The recent development of prophylactic vaccines protective against ?high risk? human papillomaviruses (HPV) is a landmark in medicine. The current vaccines are composed of recombinant virus-like particles (VLPs) of the major capsid protein, L1, including the high-risk HPV types 16 and 18. Phase II/III clinical trials have shown >95% efficacy of these VLP preparations in preventing HPV 16, 18 infection, and thus hopefully preventing the eventual development of about 70% of cervical cancers associated with these types. Despite this success the VLP vaccines have the adverse attributes of high cost ($360 for the initial three immunizations in the USA) and a requirement for refrigeration (i.e., cold chain).

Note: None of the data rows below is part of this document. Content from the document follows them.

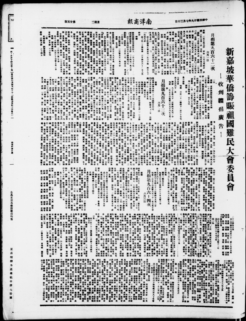1940年7月30日《南洋商报》,曾用2个整版记录星华筹赈会月捐、特捐九百余次中大量华侨姓名及捐款数额。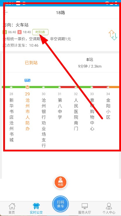 3、進(jìn)入18路公交詳情頁(yè),點(diǎn)擊時(shí)刻表。
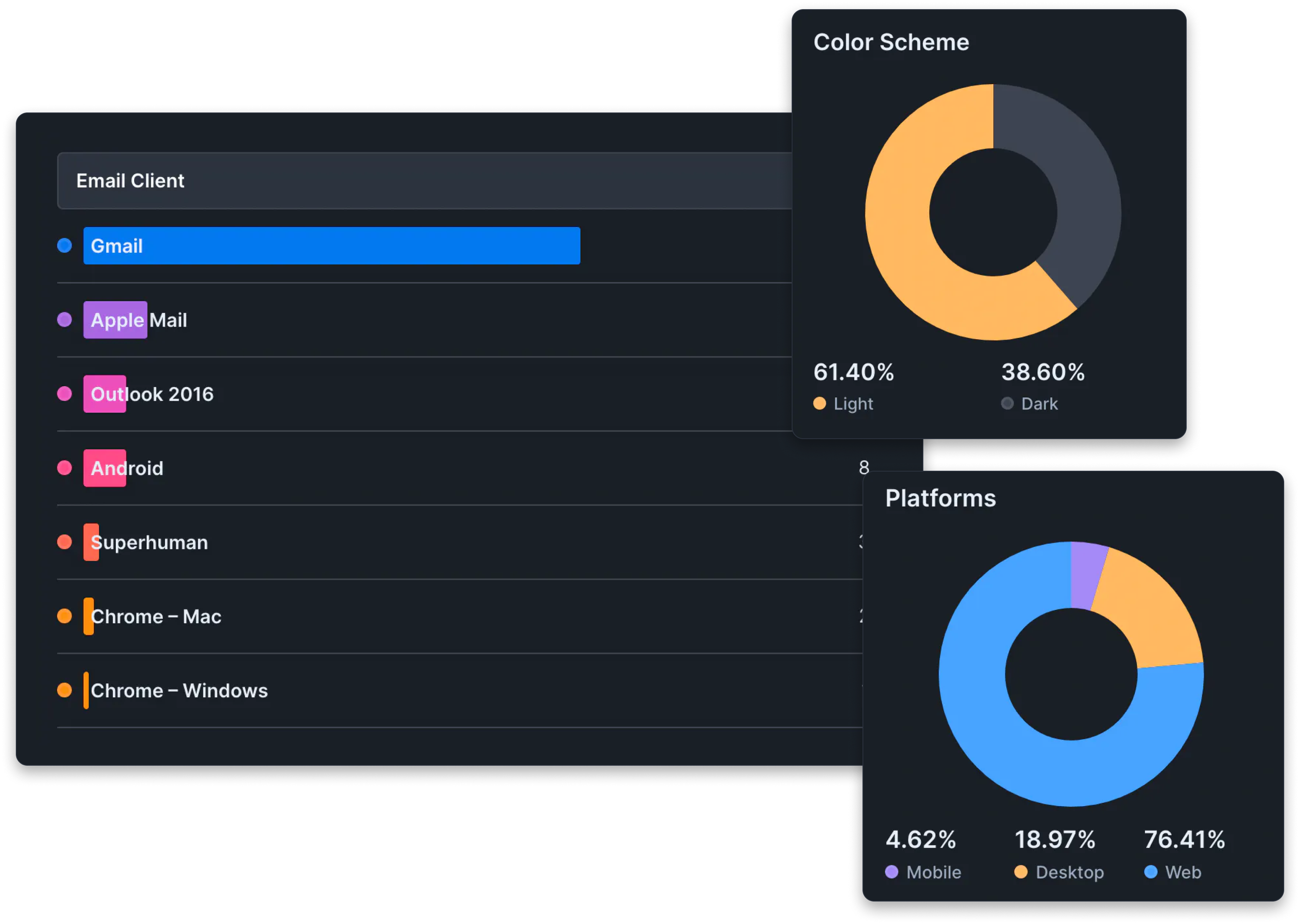 Enrich your marketing strategy. Get granular audience data, email client breakdowns, dark mode/light mode split, and answer your burning questions.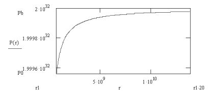 | Рис.2. Радиальное распределение давления эфира для Солнца. |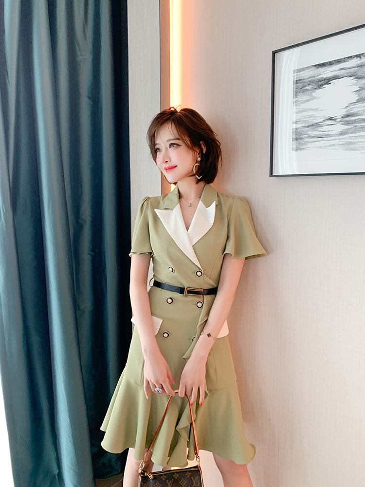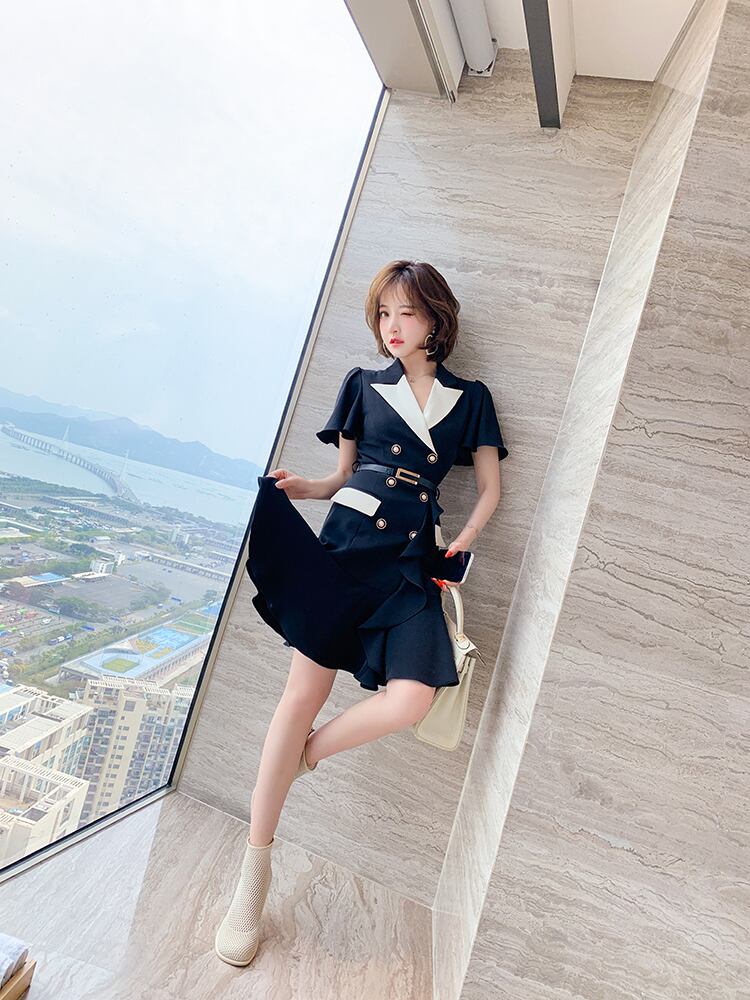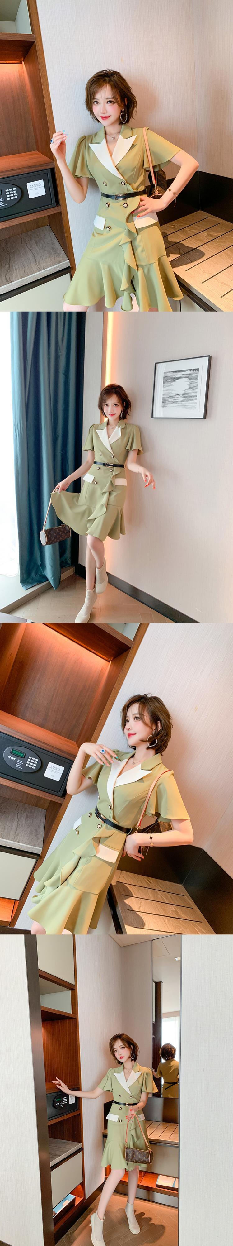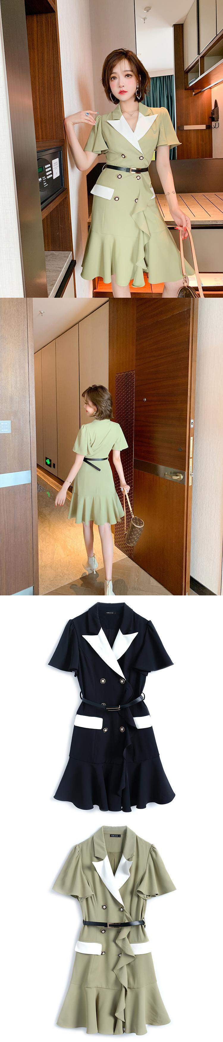カラーダブルブレストレースウェストベルト ドレス スプリングスタイル 春物 ハーネス ステッチ MIUCO95150480932

We have previously characterized the immunogenic properties of VLP subunits, pentameric L1 capsomeres. Capsomeres can be purified after recombinant expression of L1 in E. coli as untagged native proteins, at levels suggesting a significant reduction in manufacturing expense. The purified protein can be freeze-dried, resuspended, and stored at room temperature without loss of immunogenicity. Capsomeres have been suggested as a ?next generation? HPV vaccine that might be ideally suited for production and use in underdeveloped countries of the world where cervical cancer is particularly prevalent. We propose to use an HPV16 L1 capsomere protein that has been GMP produced (BioSidus, S.A.), vialed, and toxicology screened for study in a phase I human trial.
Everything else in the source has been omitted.